29:31 And it's a, so it's like completely, I don't know, it looks like it's out of late 80s graphics.

29:36 It says the horse turns out a little basic, but boy can it run fast.

29:41 And the girl just ride it like lightning.

29:45 - Yeah.

29:45 - I think it's the last one.

29:46 PHP, you built a Trojan horse.

29:48 Oh great, it releases hundreds of tiny horses to punish you every day forever.

29:54 (laughing)

29:56 - Okay.

29:59 And no, but unfortunately Python was absent.

30:02 Or I don't know, I'm not sure what it would have said.

30:04 But Alvaro added it.

30:05 I guess for the Python one, it's just import horse emoji.

30:09 - Import horse emoji.

30:10 - That's pretty good actually.

30:11 - Oh, can you put emojis in package names on PyPI?

30:15 - I don't know about package names.

30:16 You can put them in Python code.

30:18 Like they can be comments.

30:19 I don't know if you can be a pop, a pip install horse, but that'd be awesome.

30:23 Python Roman says, "Python is beautiful but slow." It's like a show horse.

30:29 Unless it's chased by C++ in our run.

30:34 - Yeah, the fast horses are actually just written in Rust and then imported in Python.

30:38 - Exactly, very true.

30:42 All right, well I thought this was a pretty good one.

30:43 A bit of a language lesson for everyone.

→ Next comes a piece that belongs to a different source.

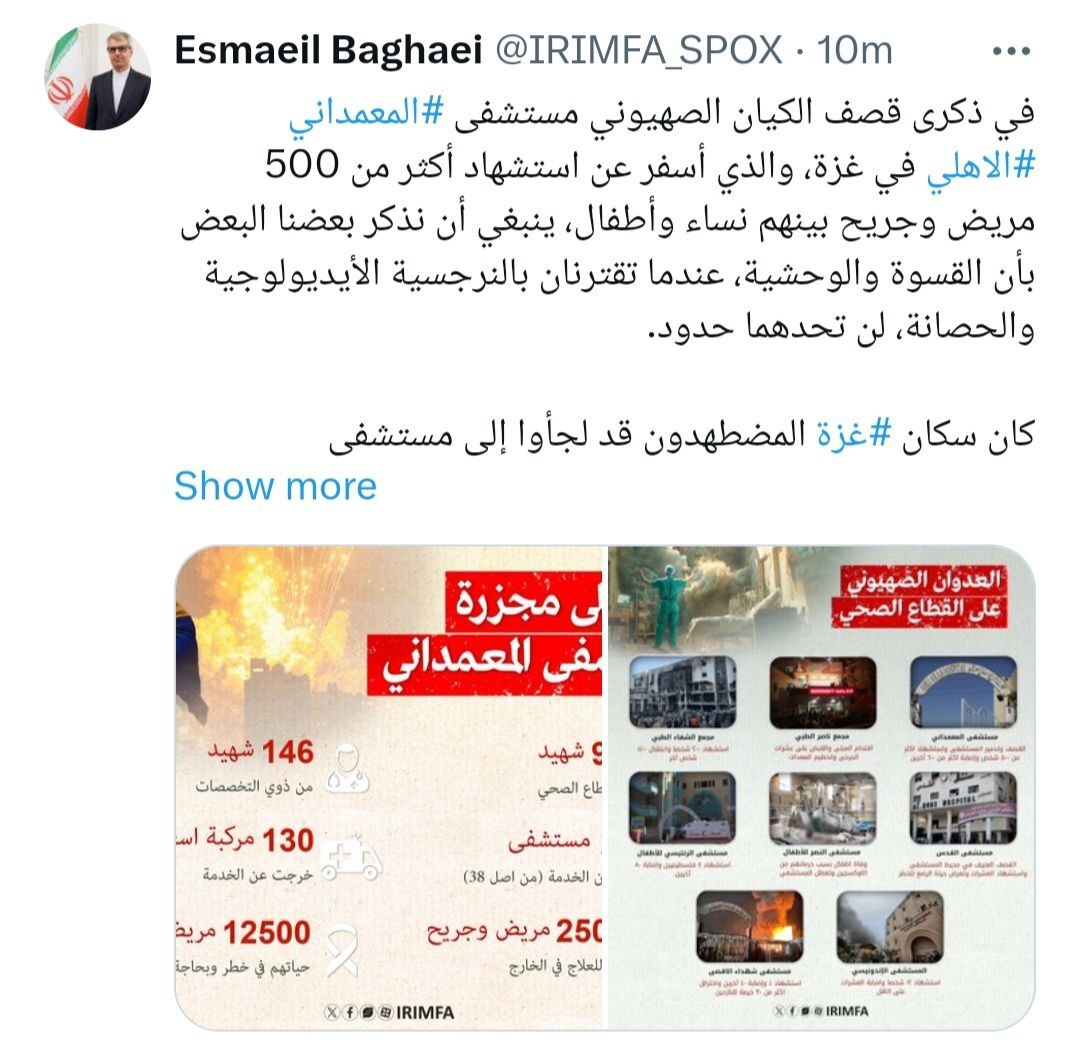 سخنگوی وزارت خارجه کشورمان در سالروز جنایت بیمارستان المعمدانی و شهادت بیش از ۵۰۰ زن و کودک بیمار در این بیمارستان نوشت: حمایت آمریکا و کشورهای اروپایی ضامن جنایات صهیونیستها است.

30:46 So what did we learn about PHP?

30:48 It releases hundreds of tiny horses to punish you every day forever.

30:52 - You just hire new people to maintain it.

30:56 - Exactly.

30:57 All right, well, good times.

30:58 - Good times, yeah.

30:59 Thanks for all the work on the pytest course too.

31:02 I appreciate it.

31:03 - Yeah, absolutely.

31:04 Yeah, people do check it out.

31:05 It really is good.

31:06 And Brian, thanks for doing it, and thanks for being here.

31:08 Bye everyone. - Thank you, bye.